Но для нас дело не в монашестве как таковом, а в том понимании нравственного совершенства, с которым, как мы старались показать, связан этот расцвет, это явление монашества в церковной жизни. В церковной психологии, в самочувствии, скажем, «среднего христианина», произошел несомненный перелом. Первохристианство все было проникнуто сознанием и переживанием уже совершившегося спасения, святости, пришедшей в силе. Христианами не рождались, а становились (Тертуллиан), и в Крещении обращенный переживал новое рождение, имевшее для него не только богословскую (как сейчас) реальность, но и психологическую. В жизни нужно было не загрязнить тех белых одежд, которые были получены в Крещении, и жизнь христианина была скорее охранением уже полученного, реализацией его. Другое теперь. Если, конечно, догматически ничего не изменилось, то психологически доминантой церковной жизни становится сознание и страх греха, и вечное сокрушение, и покаяние в нем. Церковь – это море кающихся, тянущихся к святости, как к некоей запредельной черте, а черта эта – монастырь, уход, отречение от мира и «всех красных его». В некотором смысле, монашество обесценивало мир, уходило из него путем личного спасения. И тем не менее, нельзя говорить о «психологическом монофизитстве» Востока, как некогда, кажется, Харнак окрестил Православие. Да, для целой исторической эпохи личное совершенствование, личная святость казались достижимыми только в монашестве или, скажем, монашескими средствами. Но от этого христианство не уходило из мира, не делалось privatsache9 каждой отдельной личности. Мир как целое оставался христианским, сохранял свою религиозную цель и назначение. Каким образом?

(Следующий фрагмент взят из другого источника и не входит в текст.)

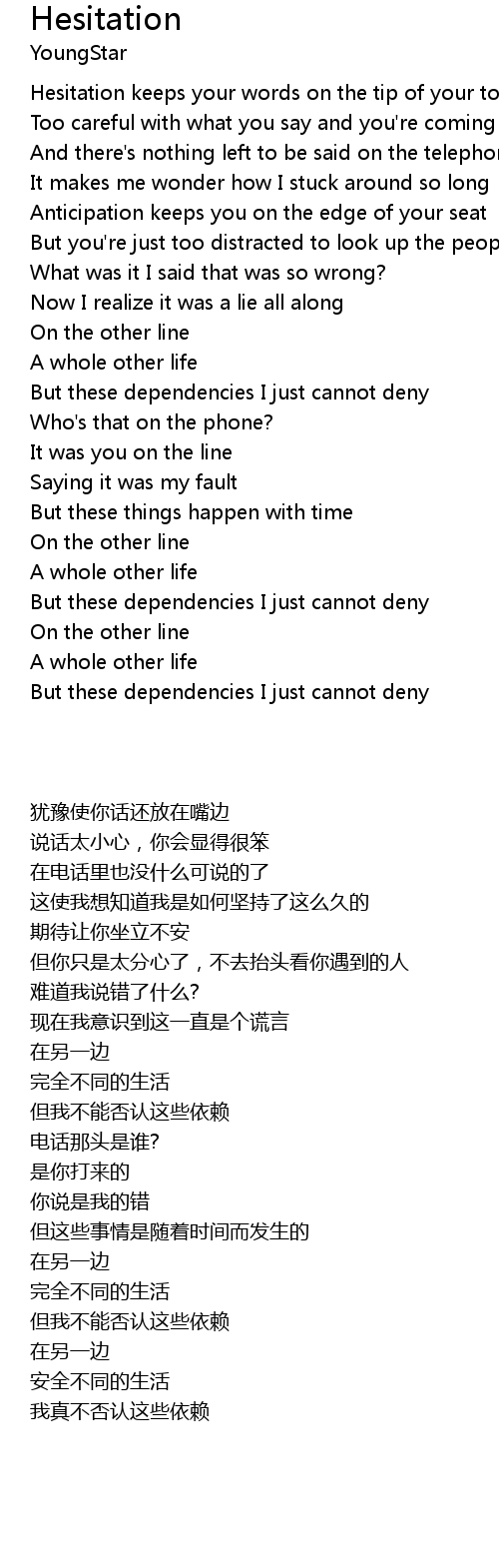 | [00:20.98] | Hesitation keeps your words on the tip of your tongue |
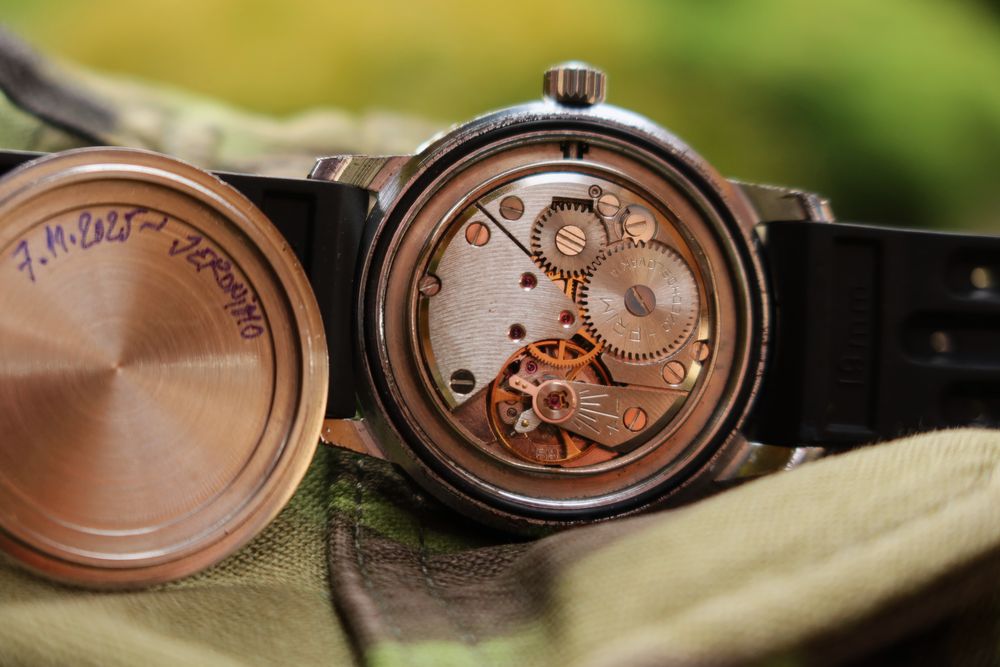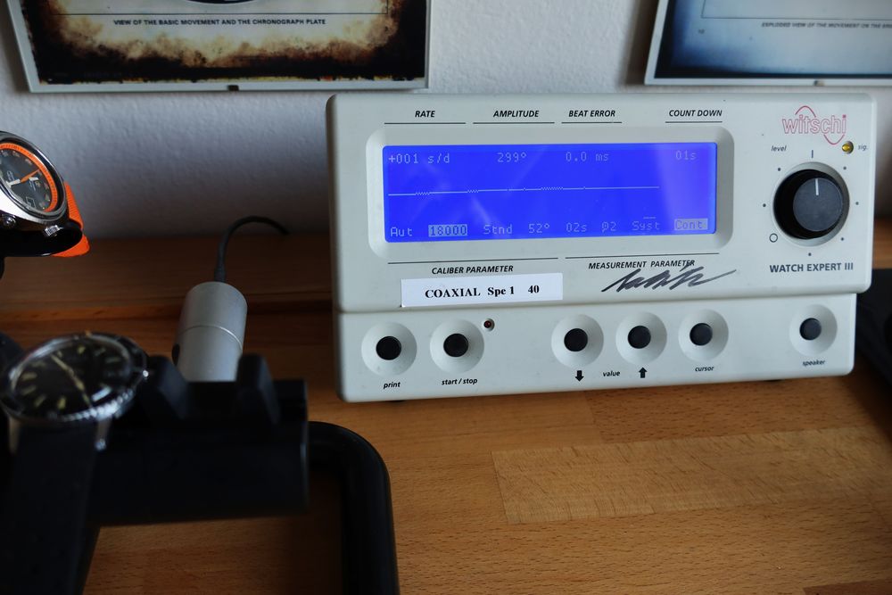Uvnitř tiká starý dobrý frézováním zdobený Třetišroubek 68.3, který u mě prošel tento týden celkovým servisem. Stroj byl rozebrán, vyčištěn, namazán, složen a seřízen viz foto z diagnostiky. Doklad za servis bude přiložen k hodinkám. Tímto jsou rok v záruce.
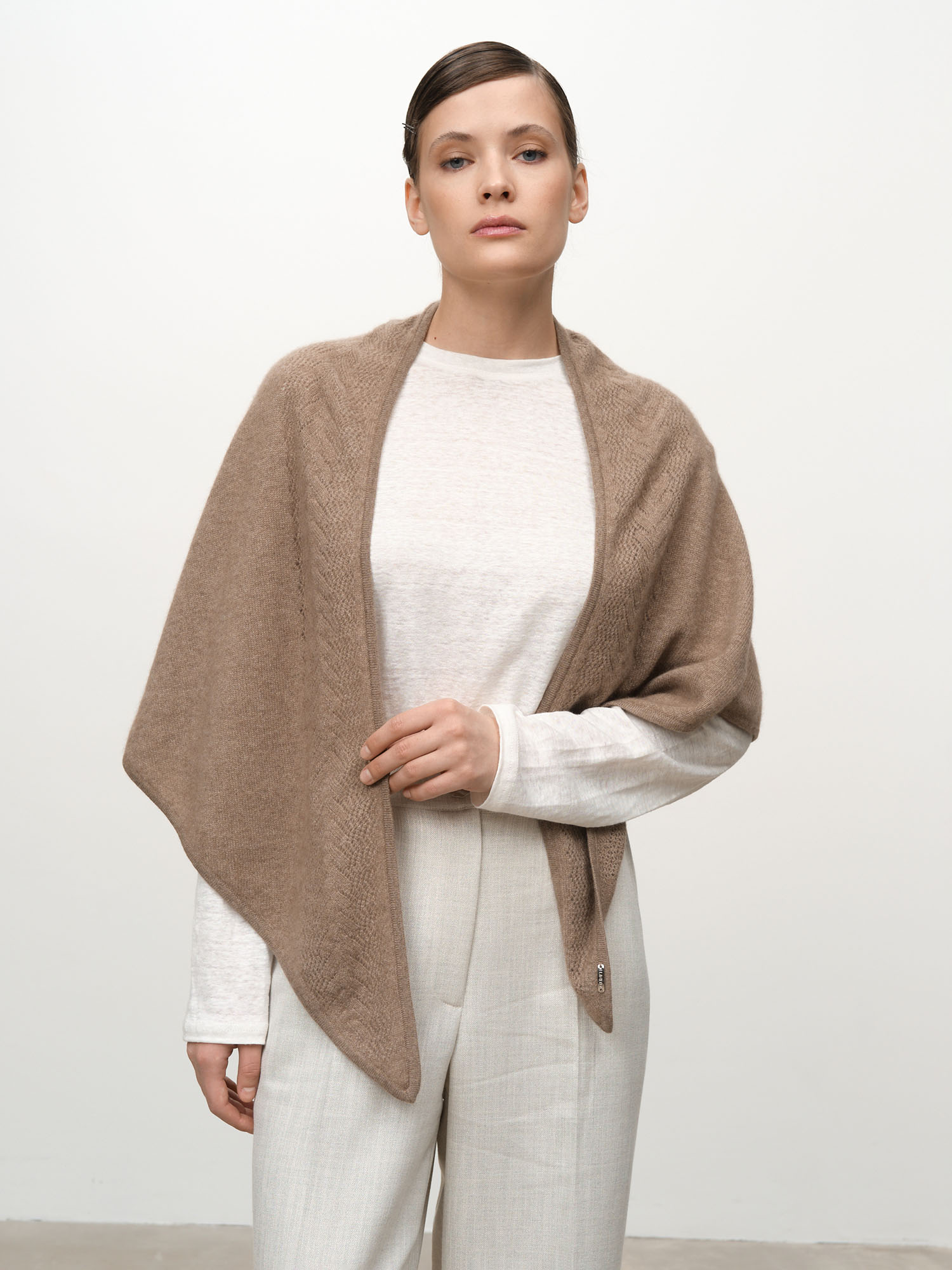 Модель выполнена в аккуратной треугольной форме, которая позволяет красиво драпировать аксессуар. Минималистичный дизайн подчёркивает благородную фактуру кашемира и делает изделие универсальным элементом гардероба.
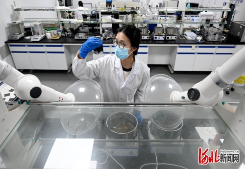 2024年7月24日,在天津工业大学沧州研究院内,来自天津工业大学的研究生在进行吸附材料制备实验。(河北日报资料片)河北日报记者 张昊摄
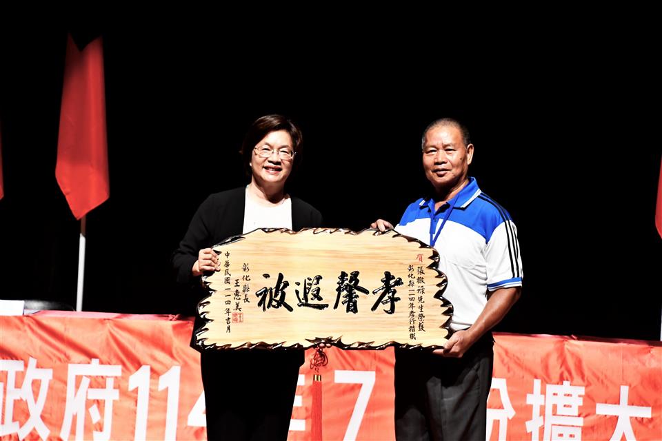 為弘揚孝親精神、推崇孝道倫理,彰化縣政府於114年7月29日擴大主管會報中表揚年度孝行楷模,由縣長王惠美親自頒發孝行楷模匾額,表揚張橄祿先生、黃坤炎先生及張家軒同學3位孝行楷模,肯定並嘉許其長年以來無私奉獻、孝親至誠的感人事蹟,其中張橄祿先生更榮獲內政部「114年全國孝行獎」,足為社會典範。此次獲獎的3位孝行楷模背景雖各異,然皆展現出不分年齡、環境與能力的孝行實踐,充分體現家庭與社會溫情。
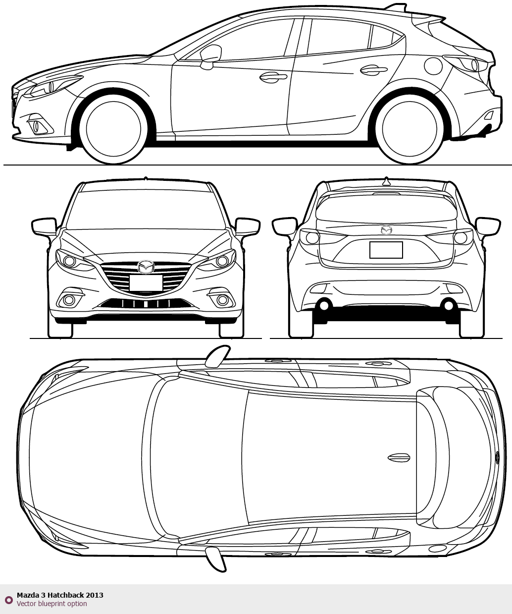Raster blueprint of the 2013 Mazda 3 Hatchback Hatchback. This free downloadable image can be used for graphic projects, digital design, and 3D modeling. The file provides accurate exterior proportions of the vehicle. Model year: 2013. Body type: Hatchback.
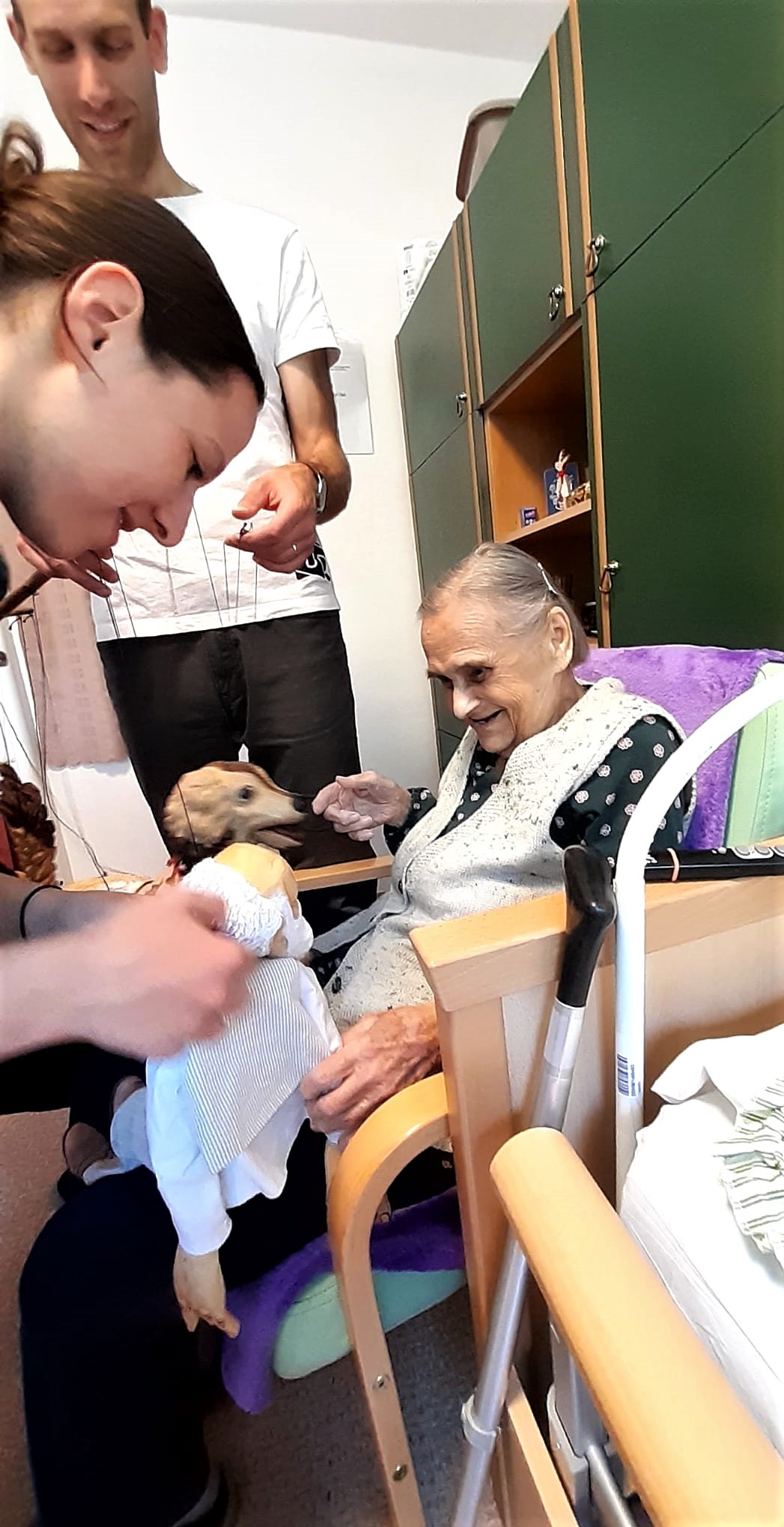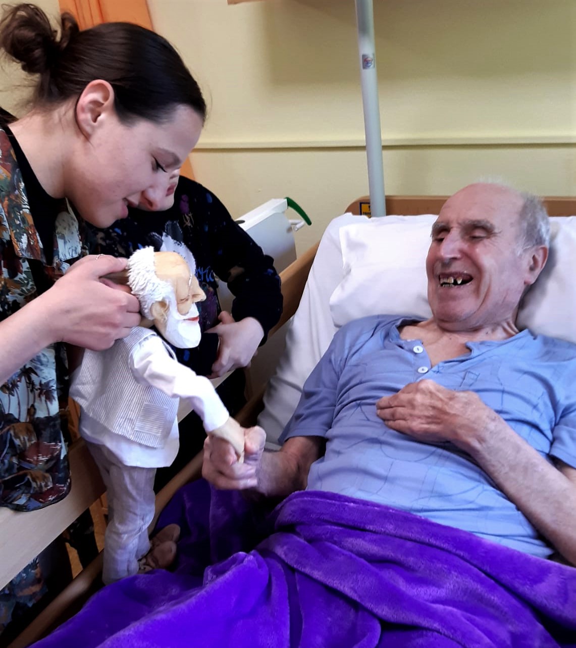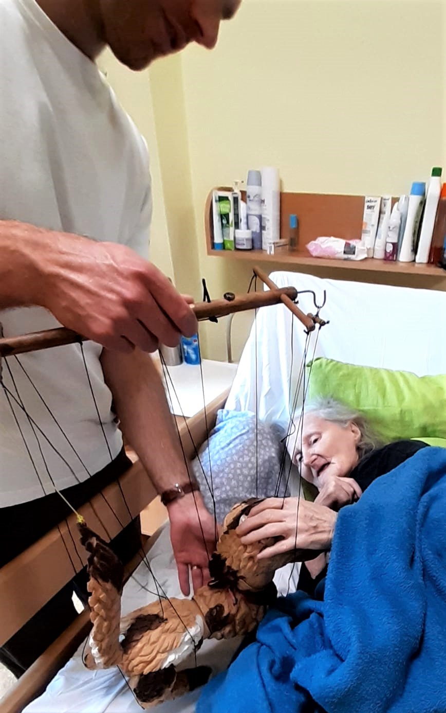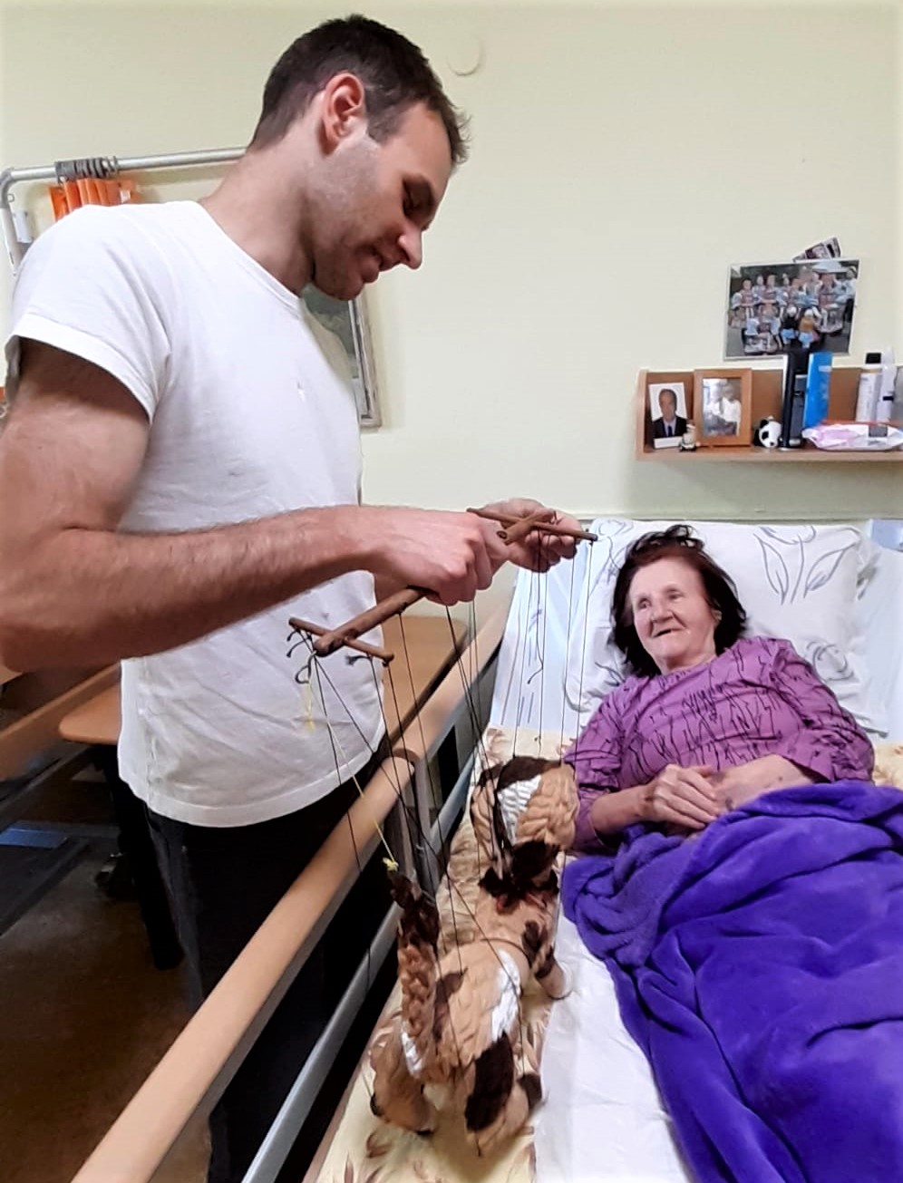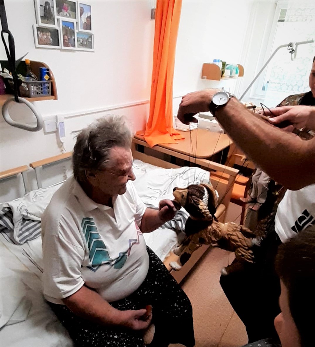 Na pokojích oddělení B1, B2 a B3 probíhala s loutkami individuální aktivizace. Klienti reagovali na dřevěné kamarády a jejich životní příběh s nadšením, úsměvy na tváři klientů toho byly důkazem.

Возьмем, для примера, восточные минологии. В них, обобщая, мы найдем четыре категории святых. Хронологически на первом месте стоят мученики и исповедники. С ним связано и само возникновение культа святых. Это относится к тому периоду, когда мученичество было высшей и предельной целью христианской жизни, высшим ее увенчанием. Затем идут отцы и учители Церкви: они соответствуют эпохе богословской борьбы, чеканки основных категорий христианского богословия. Одновременно с ними выступает многочисленный лик преподобных – подвижников и монахов, заменивших мучеников на высших ступенях христианского героизма, воплощение личной святости. Но есть еще один чин святых, и в нем-то, может быть, и приоткрывается тайна византийского цезаропапизма. Чин этот – святые цари, прославляемые Церковью христианские императоры. Что означает чин этот для историка, какой смысл приобретает он в свете всего сказанного?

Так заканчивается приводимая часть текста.